Liberal Democrat leader Jo Swinson has doubled down on her position in favour of a second referendum on Brexit, despite concerns from business groups.
Swinson, whose Liberal Democrats plan to revoke Article 50 if they win a majority, and support a referendum on the deal, is a vocal opponent of leaving the European Union.
Speaking to Yahoo Finance UK at a campaign event near St Albans, Swinson said: “The only way to not have Brexit uncertainty going forward is to stop Brexit. Revoking Article 50 is the quickest way to do that, so the Liberal Democrats are offering that choice to the British people.”
Swinson also underlined her scepticism on arguments around “certainty”, put forward by those who oppose a new referendum. She said: “In terms of what Boris Johnson is proposing I don’t think that anyone should fall for the myth that Brexit will be done in any short period of time if we do leave the European Union with Boris Johnson’s deal.
“[Johnson’s deal] is the beginning of years and years worth of negotiation where businesses will not have certainty as to what the trading relationship is going to look like ... what the regulation is going to look like ... whether that’s all going to be slashed away in pursuit of some American trade deal, or whether we’re going to have that close alignment which businesses actually say they want.”
Swinson also hinted that if a majority of MPs were in favour of a referendum on the deal, she would push for the vote to happen quickly despite the recent crises in the People’s Vote campaign. About the problems of the campaign group, Swinson reiterated the potential speed in which Brexit could be sorted if a referendum was held.

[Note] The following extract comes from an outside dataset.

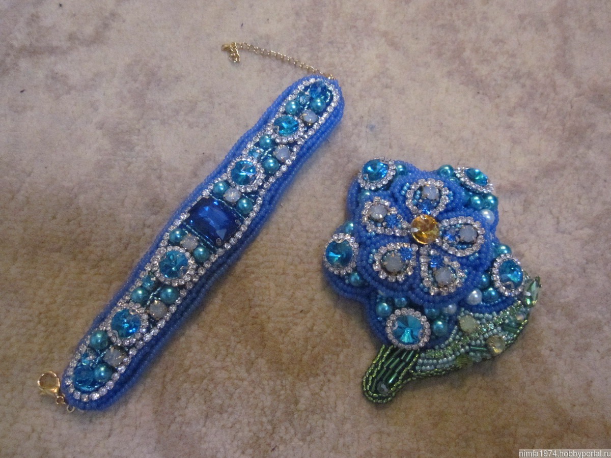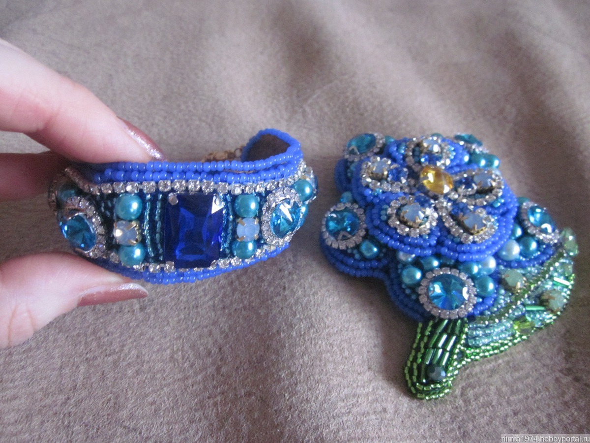 Яркий, красочный браслет Сапфировый" ручной работы вышитый чешским бисером, хрустальными стразами, чешскими бусинами, стразовой цепочкой прекрасно украсит Ваш наряд или станет отличным подарком. Браслет очень красиво переливается. Длина, размер браслета регулируется цепочкой, застежка карабин. В комплект к браслету имеется брошь "Сапфировый цветок". Комплект продается с 10% скидкой. Высылается в подарочном пакете из органзы. Изнанка экокожа.

“If we were in a position to deliver a people’s vote, then the ability to be able to sort that in a very short period of months with a vote to remain is absolutely a prospect and I think it’s one that many in the business community would have as their ideal desired outcome.”
Swinson spoke to reporters during a visit to Imagination Techhnologies in Kings Langley outside of St Albans, where the Liberal Democrats are attempting to beat incumbent Conservative MP Anne Main, who is a prominent supporter of Brexit.